(Work to be completed):
Print exactly the lines of the listing below from the one containing "近日,河南省国防邮电工会下发" through the final line, both included, and no pictures.

(Stored data):

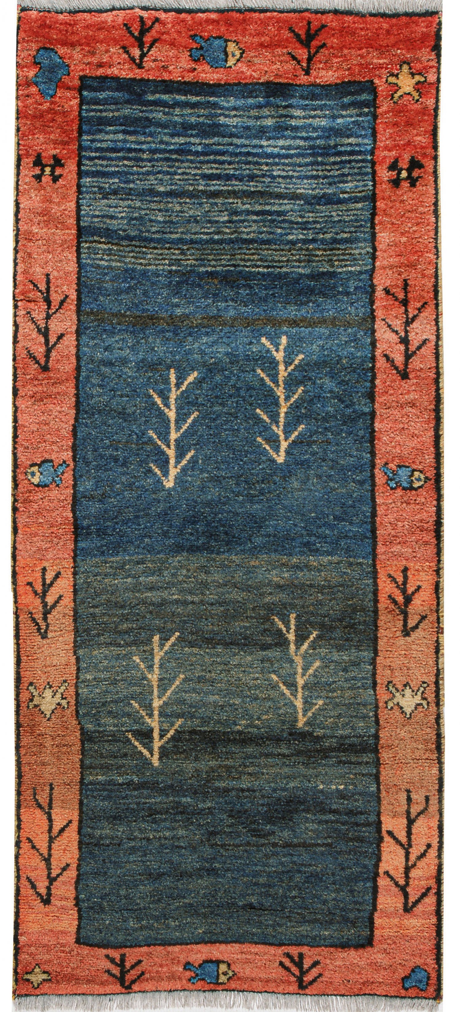 Kleiner Gabbeh-Läufer Wolle auf Wolle. Im blauen abraschierten Innenfeld vier Zweige sowie umlaufend breite orangefarbene Bordüre mit entsprechendem Dekor. 88 cm x 197 cm.
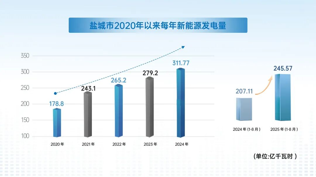 截至今年8月底,鹽城新能源年發(fā)電量已達(dá)245.5億千瓦時(shí),預(yù)計(jì)今年鹽城新能源全年發(fā)電量將突破400億千瓦時(shí)。按照全國(guó)每人每年平均用電1000千瓦時(shí)測(cè)算,鹽城新能源全年發(fā)電量相當(dāng)于4000萬(wàn)人一年的用電量,與越南全國(guó)新能源(不包括水電)發(fā)電水平相當(dāng)。
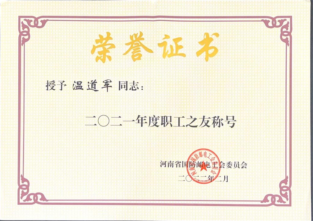 近日,河南省国防邮电工会下发《河南省国防邮电工会委员会关于表彰2021年先进集体和先进个人的决定》(豫国邮工〔2022〕20号),我校党委书记温道军同志被授予“职工之友”荣誉称号,校工会被授予“工会工
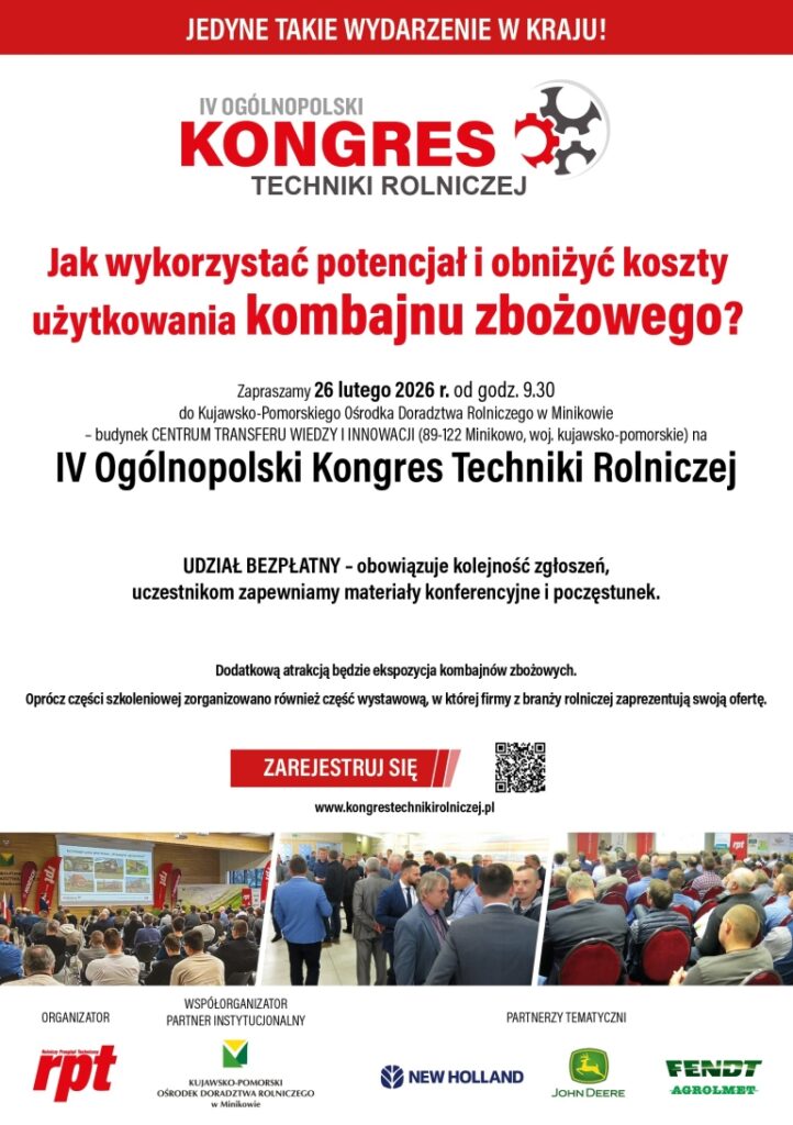 Wydarzenie odbędzie się 26 lutego br. w Minikowie koło Nakła nad Notecią. Więcej informacji oraz rejestracja uczestników znajdują się na stronie kongrestechnikirolniczej.pl.

(Solution to this problem):
 近日,河南省国防邮电工会下发《河南省国防邮电工会委员会关于表彰2021年先进集体和先进个人的决定》(豫国邮工〔2022〕20号),我校党委书记温道军同志被授予“职工之友”荣誉称号,校工会被授予“工会工
 Wydarzenie odbędzie się 26 lutego br. w Minikowie koło Nakła nad Notecią. Więcej informacji oraz rejestracja uczestników znajdują się na stronie kongrestechnikirolniczej.pl.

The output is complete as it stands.